• _Provided data_:
◇ ◇ ◇

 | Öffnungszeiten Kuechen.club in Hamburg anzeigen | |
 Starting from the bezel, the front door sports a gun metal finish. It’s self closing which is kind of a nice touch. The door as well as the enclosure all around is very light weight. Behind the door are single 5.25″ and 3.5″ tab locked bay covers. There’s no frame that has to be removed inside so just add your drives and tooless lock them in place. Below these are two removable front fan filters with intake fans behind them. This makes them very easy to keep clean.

◇ ◇ ◇

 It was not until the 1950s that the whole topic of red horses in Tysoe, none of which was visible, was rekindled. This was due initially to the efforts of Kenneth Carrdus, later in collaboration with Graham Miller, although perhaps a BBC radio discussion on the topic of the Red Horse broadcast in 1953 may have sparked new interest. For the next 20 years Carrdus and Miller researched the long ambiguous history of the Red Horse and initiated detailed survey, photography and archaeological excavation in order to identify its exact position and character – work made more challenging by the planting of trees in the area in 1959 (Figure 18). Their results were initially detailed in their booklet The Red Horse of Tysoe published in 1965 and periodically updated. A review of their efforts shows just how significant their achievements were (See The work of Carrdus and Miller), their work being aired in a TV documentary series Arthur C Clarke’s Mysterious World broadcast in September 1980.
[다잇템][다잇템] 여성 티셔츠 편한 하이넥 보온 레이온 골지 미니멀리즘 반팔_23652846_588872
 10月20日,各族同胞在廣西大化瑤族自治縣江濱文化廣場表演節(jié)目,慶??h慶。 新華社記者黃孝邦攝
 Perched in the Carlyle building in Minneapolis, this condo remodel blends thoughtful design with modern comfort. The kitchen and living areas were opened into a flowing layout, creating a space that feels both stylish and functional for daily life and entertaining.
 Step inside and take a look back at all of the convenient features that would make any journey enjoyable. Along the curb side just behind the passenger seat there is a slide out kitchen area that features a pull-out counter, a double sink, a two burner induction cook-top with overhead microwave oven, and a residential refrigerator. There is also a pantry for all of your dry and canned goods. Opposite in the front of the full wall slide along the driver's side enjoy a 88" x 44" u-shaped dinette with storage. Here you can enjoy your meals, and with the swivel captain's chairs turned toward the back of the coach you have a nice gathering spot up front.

◇ ◇ ◇

Whenever a line in the material above holds the string "There", copy that line in full.

 Starting from the bezel, the front door sports a gun metal finish. It’s self closing which is kind of a nice touch. The door as well as the enclosure all around is very light weight. Behind the door are single 5.25″ and 3.5″ tab locked bay covers. There’s no frame that has to be removed inside so just add your drives and tooless lock them in place. Below these are two removable front fan filters with intake fans behind them. This makes them very easy to keep clean.
 Step inside and take a look back at all of the convenient features that would make any journey enjoyable. Along the curb side just behind the passenger seat there is a slide out kitchen area that features a pull-out counter, a double sink, a two burner induction cook-top with overhead microwave oven, and a residential refrigerator. There is also a pantry for all of your dry and canned goods. Opposite in the front of the full wall slide along the driver's side enjoy a 88" x 44" u-shaped dinette with storage. Here you can enjoy your meals, and with the swivel captain's chairs turned toward the back of the coach you have a nice gathering spot up front.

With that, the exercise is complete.